1The Post-9/11 GI Bill of 2008, alternatively known as the Post-9/11 Veterans’ Educational Assistance Act of 2008, featured revisions to previous veteran educational legislation, with notable updates such as the expansion of the previous Veterans’ Educational Assistance Program to include the Reserve Educational Assistance Program, which ensured that military reservists received the same educational benefits as those in active duty, and the ability of the veteran to transfer his/her benefits to a spouse or child after serving (Hammond, 2017) The bill, which has a housing allowance of around $1,500 per month, dependent on zip code, with tuition benefits equal to ‘All Tuition and Fee Payments for an in-State Student,’ for 36 total months, and up to $1,000 yearly as a book stipend, incentivizes today’s veterans to attend public college in a state where they have residency status (Jenner, 2017). These limitations deter most veterans from attending what would be prohibitively expensive private universities, or results in their spending the first two years of their undergraduate education at a community college before transferring to a four-year university in order to cut down their out-of-pocket costs. This latter option, especially common amongst first-generation student veterans who view the military’s education incentives as a stepping-stone toward future economic stability, necessitates that the student veteran undergo a series of difficult social transitions—from the educational climate of the two-year college to the four-year college—in addition to his/her transition out of the military and back into civilian life. Because military culture is so highly organized and regulated, student veterans adjusting to the freedom and ambiguity of campus life can be overwhelmed (Flink, 2017).

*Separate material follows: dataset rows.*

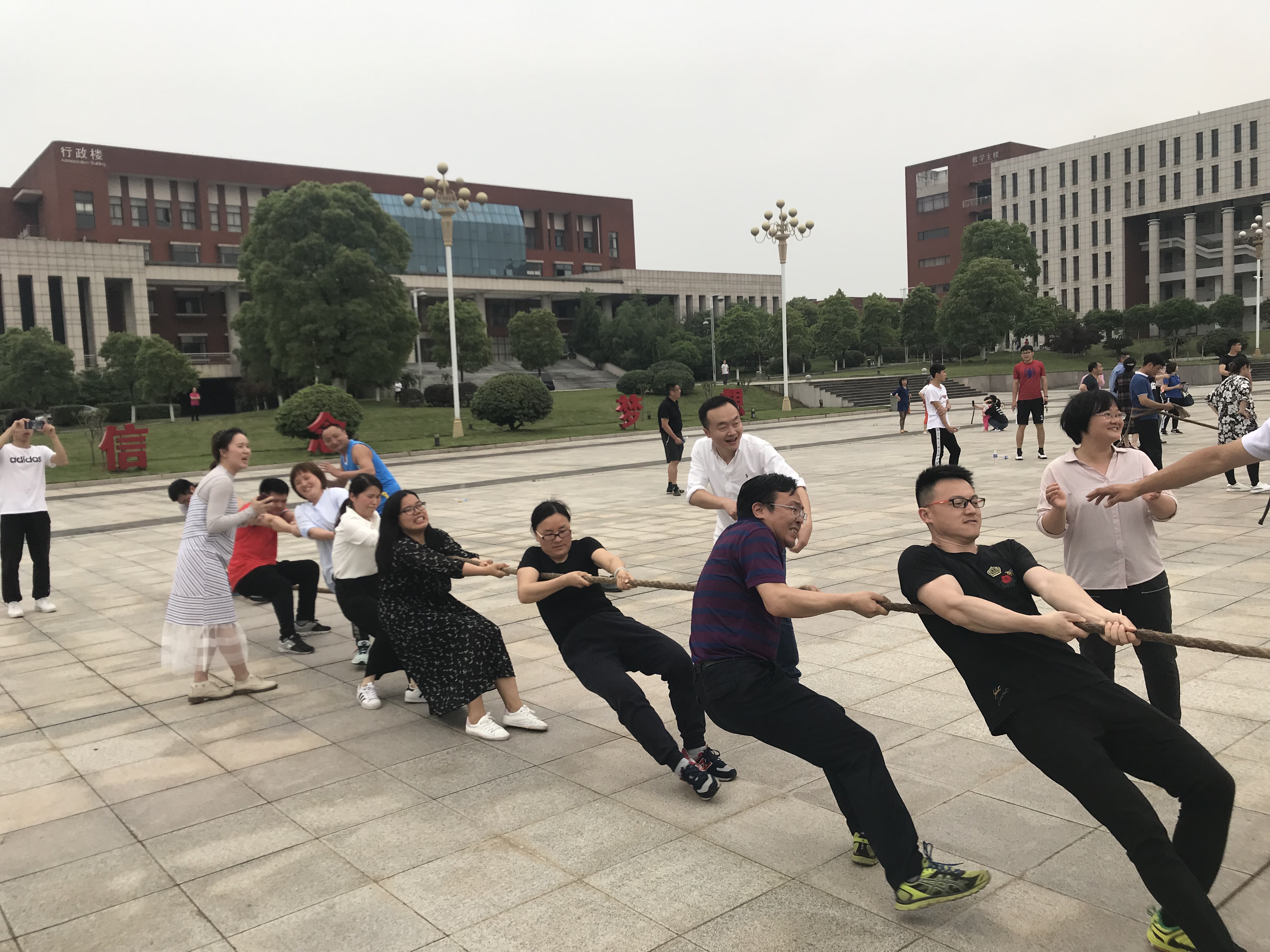 为迎接第五一”国际劳动节,营造公司教职工同心协力,团结拼搏的良好精神风貌,丰富教职工业余文化生活,增强教职工的身体素质,校工会于 4月26日下午在梦想广场举办了迎“五一”拔河比赛。
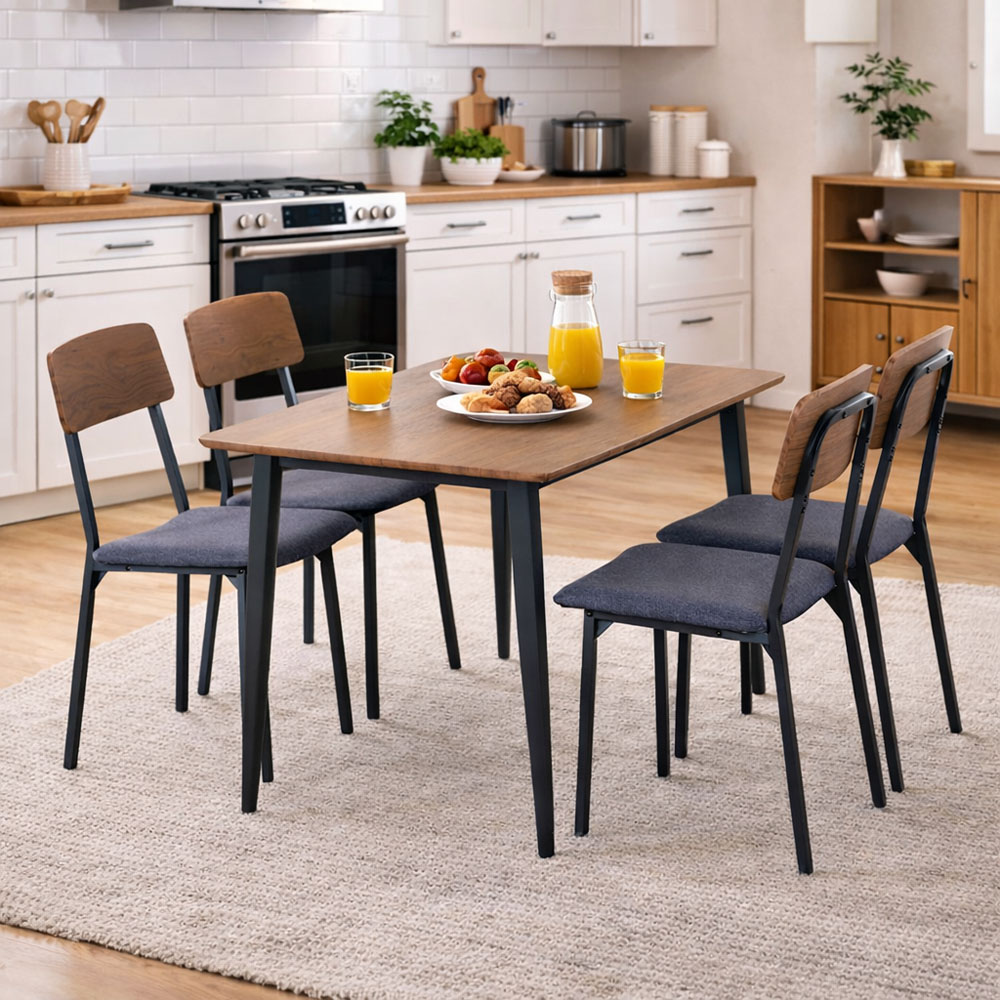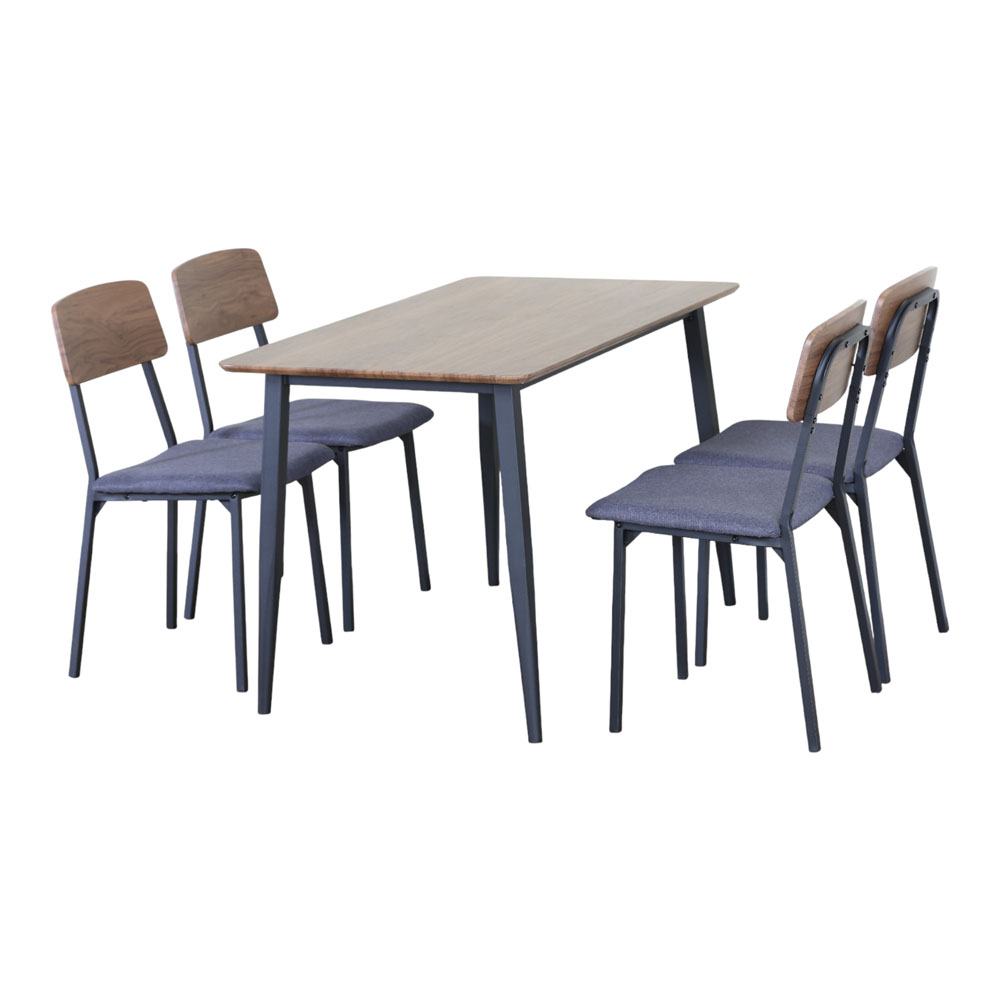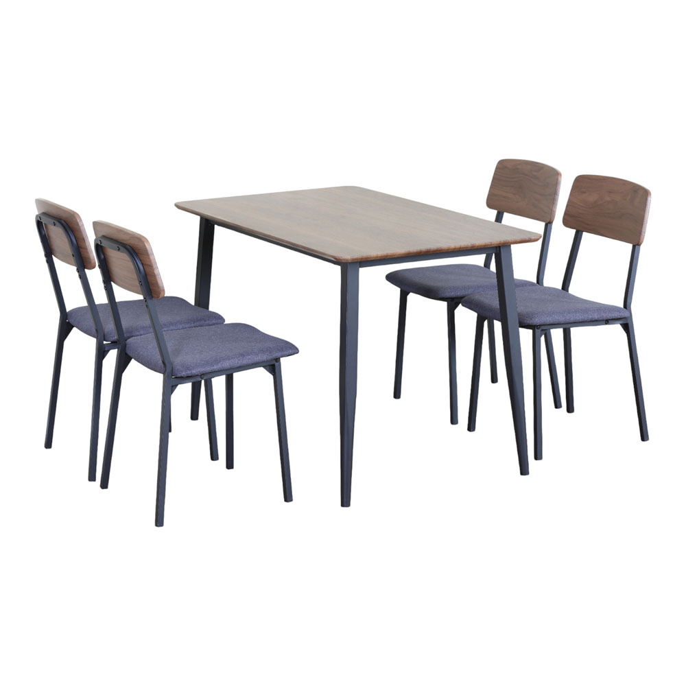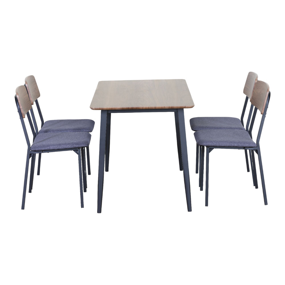 Σετ τραπεζαρίας το οποίο που περιλαμβάνει τραπέζι και 4 καρέκλες, ιδανικό για κουζίνα, τραπεζαρία ή φοιτητικό χώρο. Η επιφάνεια του τραπεζιού είναι κατασκευασμένη από MDF με επένδυση μελαμίνης, προσφέροντας αντοχή στη φθορά και εύκολο καθάρισμα. Οι καρέκλες διαθέτουν μεταλλικό σκελετό, με αναπαυτικό κάθισμα επενδυμένο με ύφασμα και ξύλινη πλάτη που συμπληρώνει αισθητικά το σύνολο. Διάσταση τραπεζιού 120x70x75εκ., διάσταση καρέκλας 45x42x82εκ.
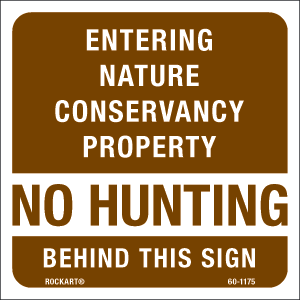 60-1175 3 x 3 Decal - "Entering Nature Conservancy Property / No Hunting Behind This Sign" Wht/Brn, EG
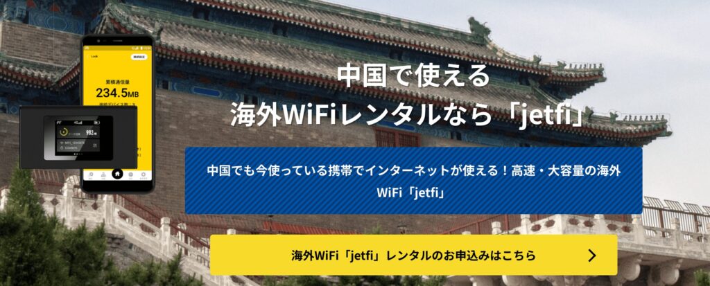 中国旅行で使えるおすすめのレンタルWiFi(VPN付き)5つ目は「jetfi」です。
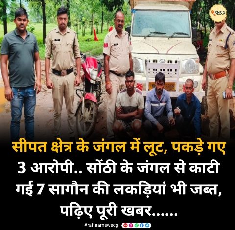 सीपत क्षेत्र के जंगल में लूट, पकड़े गए 3 आरोपी.. सोंठी के जंगल से काटी गई 7 सागौन की लकड़ियां भी जब्त, पढ़िए पूरी खबर……
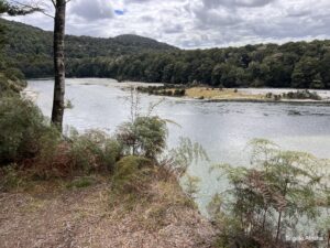 Heute ist nicht so ganz unser Tag, entweder ist die Straße gesperrt oder der Lookout ist mit Gebüsch zugewachsen. Erst bei der Rainbow Bridge, hier ist ein Einstieg zum Kepler Track werden wir belohnt.
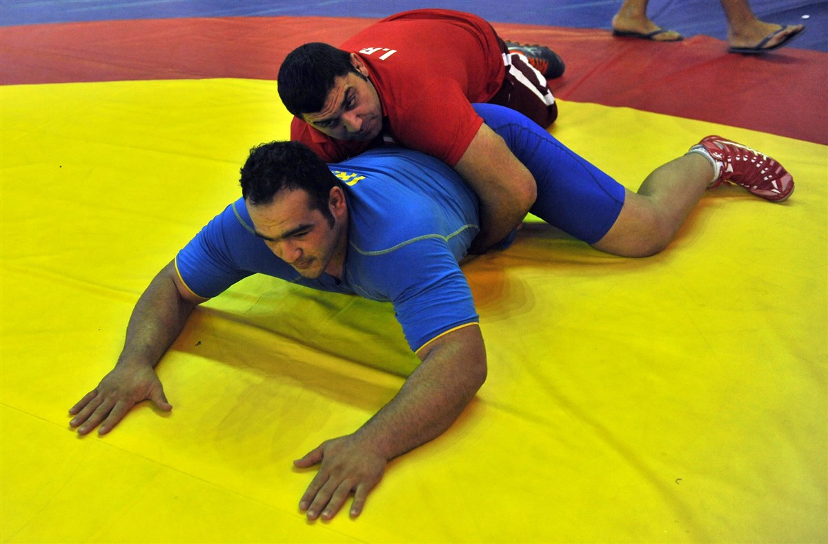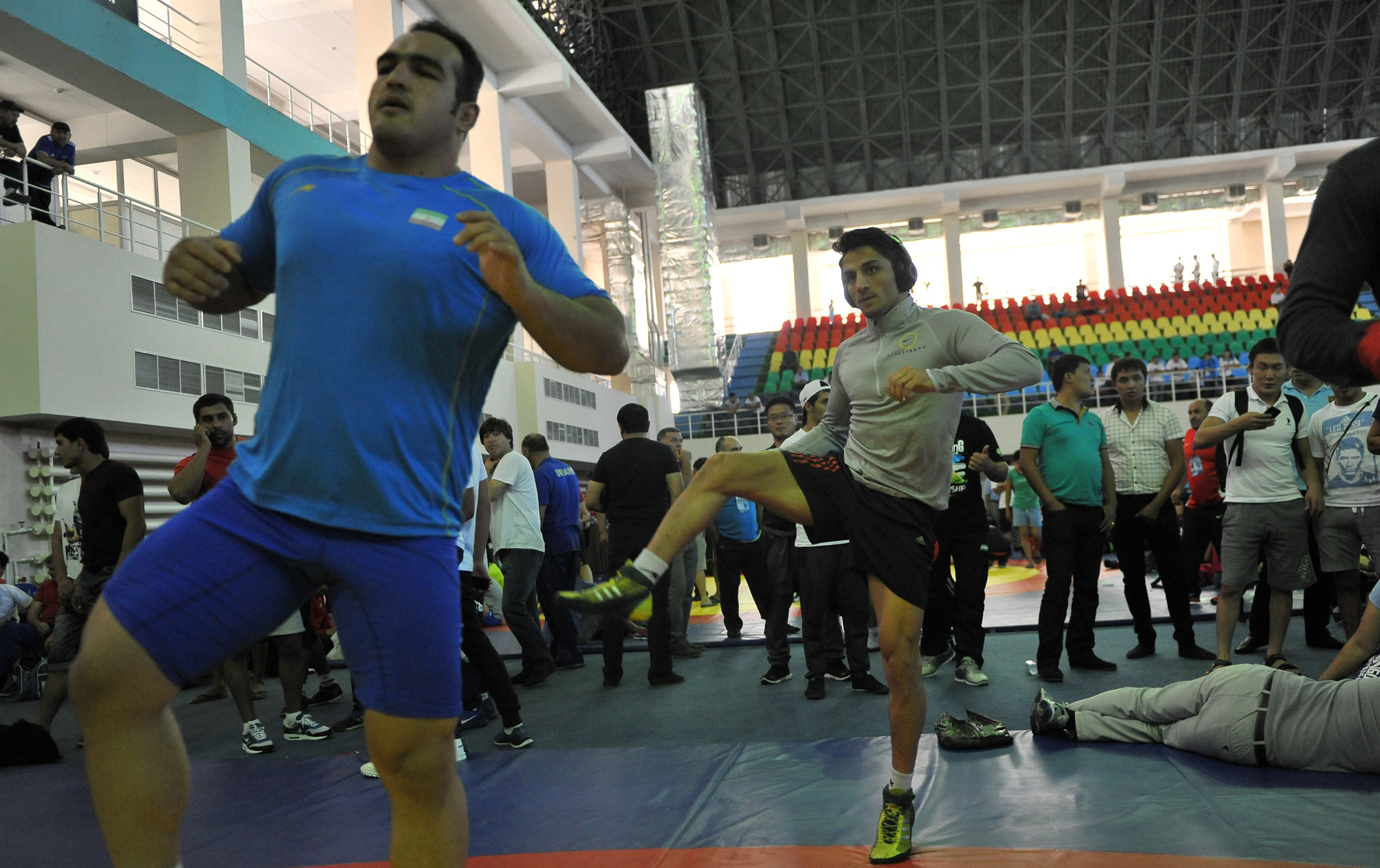 تمرین تیم ملی کشتی فرنگی در سالن رقابت ها

2As Eager explains, the official rhetoric used by the military further enforced the separation and lack of social cohesion a servicewoman felt existed between herself and her unit. A servicewoman was often referred to as being “attached” as opposed to formally being “assigned” to a combat unit to connote a sense of accompaniment and subservience rather than her capability or equality. The use of this discriminatory rhetoric was only recently overturned via legislation passed by Congress in 2012, which stated that servicewomen had the right to be “assigned” to their combat unit.
The author has no competing interests to declare.